Key Repository Directories

src/
  Attribute/    Attribute value object
  Builder/      Entry-point helpers such as Xml::document()
  Document/     XmlDocument and XmlDeclaration
  Escape/       Escaping and character validation
  Exception/    Library-specific exception types
  Import/       Reader-to-writer import bridge
  Name/         QualifiedName value object
  Namespace/    Namespace declarations and scope handling
  Node/         Element and other writer node types
  Reader/       Read-only traversal plus small XPath-style reader queries
  Validation/   XSD validation and validation result types
  Validate/     XML name validation
  Writer/       Streaming writer, output targets, namespace emission, and configuration
tests/
  Unit/         Focused object and validation tests
  Integration/  Document/streaming output, reader traversal, reader queries, reader import, XSD validation, stream/file output, and parser-backed checks
examples/       Runnable examples such as catalog.php, query-feed.php, import-feed-entry.php, import-invoice-party.php, validate-catalog.php, validate-feed.php, and streaming-feed.php
benchmarks/     Maintained performance comparison fixtures
docs/           Maintainer-facing notes

Development

Common development commands:

composer test
composer stan
composer cs-check
composer cs-fix
composer qa

Benchmarking:

php benchmarks/write-performance.php
php benchmarks/write-performance.php medium
php benchmarks/write-performance.php namespace-heavy 25
php benchmarks/write-performance.php 50
php benchmarks/document-vs-streaming.php 5000 15

See benchmarks/README.md for the measured implementations, interpretation guidance, and benchmark limitations.

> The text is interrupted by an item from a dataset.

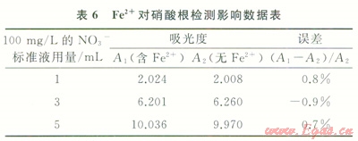 在50mL容量瓶中配制不同濃度NO3-標準溶液,一組加入1mL的100mg/L Fe2+標準液作對照,測得的NO3-吸光度如表6所示。

The integration suite uses DOMDocument to verify that writer output is well-formed, not just string snapshots.

Scope

Included today:

  • XML documents and declarations
  • elements, text, comments, CDATA, and processing instructions
  • namespace-aware names and namespace declarations
  • deterministic compact and pretty-printed serialization
  • file and stream output with library-specific write exceptions
  • imperative streaming XML writing for writer-heavy workloads
  • read-only document and element traversal via XmlReader
  • a small XPath-style query layer on top of the reader model
  • reader-to-writer import via XmlImporter
  • XSD validation for XML strings, files, streams, and XmlDocument

Still out of scope:

  • mutation APIs for queried or loaded XML
  • broad DOM/XPath wrapper APIs beyond findFirst() and findAll()
  • broad schema-framework features beyond compact XSD validation
  • XML-to-array or XML-to-object mapping
  • streaming parser APIs

Status

v1.5 adds a compact reader-to-writer import bridge alongside the existing writer, reader, query, and validation APIs. The package remains ready for early public use as a focused XML tool, but its scope is still intentionally narrow. Near-term releases should keep refining the writer, reader, query, import, and validation surfaces rather than expanding into mutation, mapping, or broad XML frameworks. See docs/roadmap.md for the current milestone summary.